Date of Award


Document Type

Campus Access Dissertation

Degree Name

Doctor of Philosophy (PhD)


Computer Science

First Advisor

Bo Sheng

Second Advisor

Honggang Zhang

Third Advisor

Tiago Cogumbreiro


Modern society is witnessing an exponentially increasing number of smart devices in daily life. As the proliferation of mobile devices and edge devices bring convenience to everyone, their close proximity to the user, various embedded sensor readings, and increasingly powerful computability also provide many possible solutions to traditional challenges. In the present technical world, the cloud-based approach dominates the system requiring intensive computation. However, the offloading process introduces non-negligible delay. Also, the data sent to the server may raise people’s worries as privacy becomes a growing concern nowadays.

This dissertation takes the advantage of widespread mobile and edge devices to build an efficient framework to support real-time computation-intensive applications. Specifically, the framework focuses on providing solutions to applications involving two challenging tasks: feature point comparison and machine learning inference. Both of them consume a noteworthy portion of the limited computing resource on current mobile and edge devices, hindering the development of the real-time applications that require performing either of these two jobs frequently.

In the first part of this dissertation, a system to support feature point comparison on mobile and edge devices is presented. The widely deployed feature point comparison algorithms suffer from the view angle change problem. This dissertation devises a novel approach to overcome the view angle challenge with the assistance of the embedded sensors in smartphones. Our solution is practical and efficient without introducing noticeable overhead in our experiment.

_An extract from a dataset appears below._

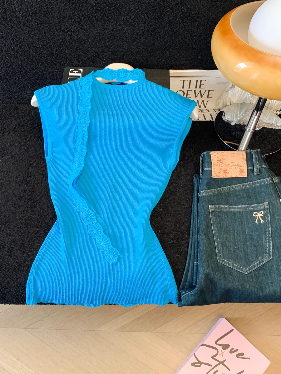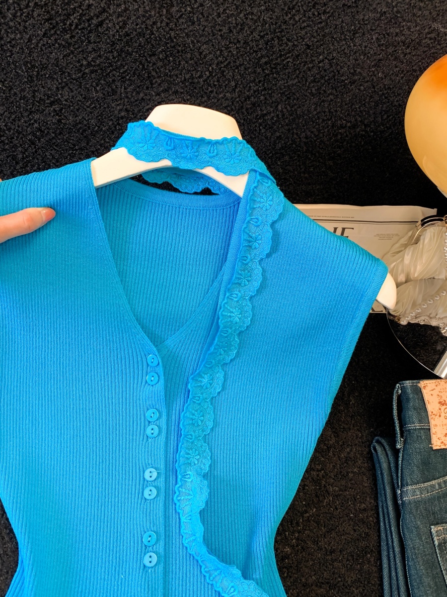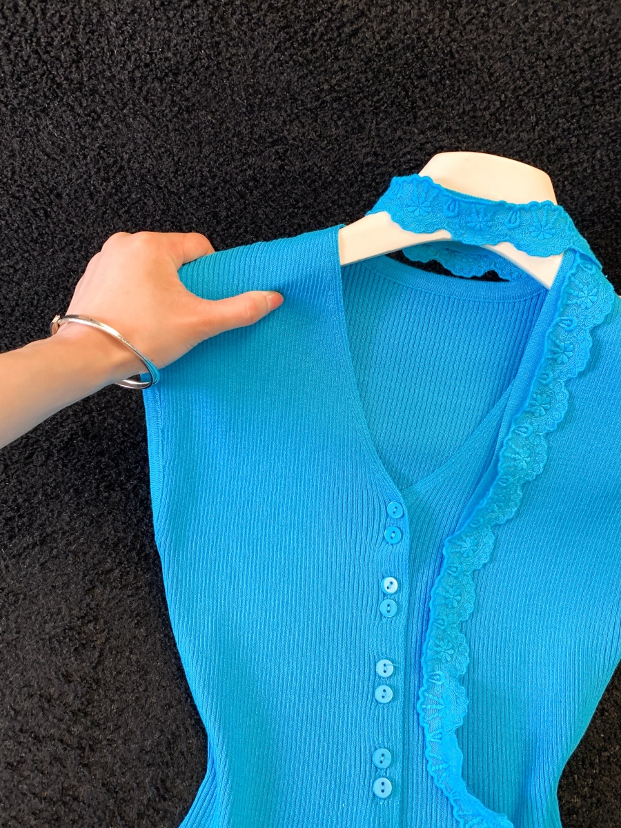 실사 여름 한 부서 순수한 욕망 칼라 니트 캐미솔 몸매 가꾸기 민소매 맨위 분위기 센스 핫걸 조끼

In the second part, this dissertation introduces a real-time object detection system running on resource-insufficient devices, e.g., smart camera, Jetson Nano, and Raspberry Pi. Our study shows those edge devices fail to run object detection at an acceptable rate (~30 FPS) independently. Instead of keep running object detection, edge devices can track objects to improve their responsiveness. However, tracking may lead to lower accuracy as time passes by. The time to trigger tracking and detection becomes an important decision to make. Our system introduces a cloud server to assist in making this decision. The experiments validate the great potential in our solution.

The last part focuses on a real-time multi-user mobile AR application that incorporates both machine learning inference and feature point comparison. Our AR application is based on reference object recognition, which requires recognizing the exact object that appeared before. This dissertation designs an innovative approach to achieving this goal with the consideration of resource deficit and temporal requirements. Taking the knowledge that the number of feature points influences the response time significantly and the traditional feature points comparison algorithms fall short of accuracy when viewpoint changes, our solution embraces the mobile onboard sensor readings and machine learning model to decrease the number of feature points and increase the comparison accuracy. The performance strongly supports the superiority of our method over existing solutions.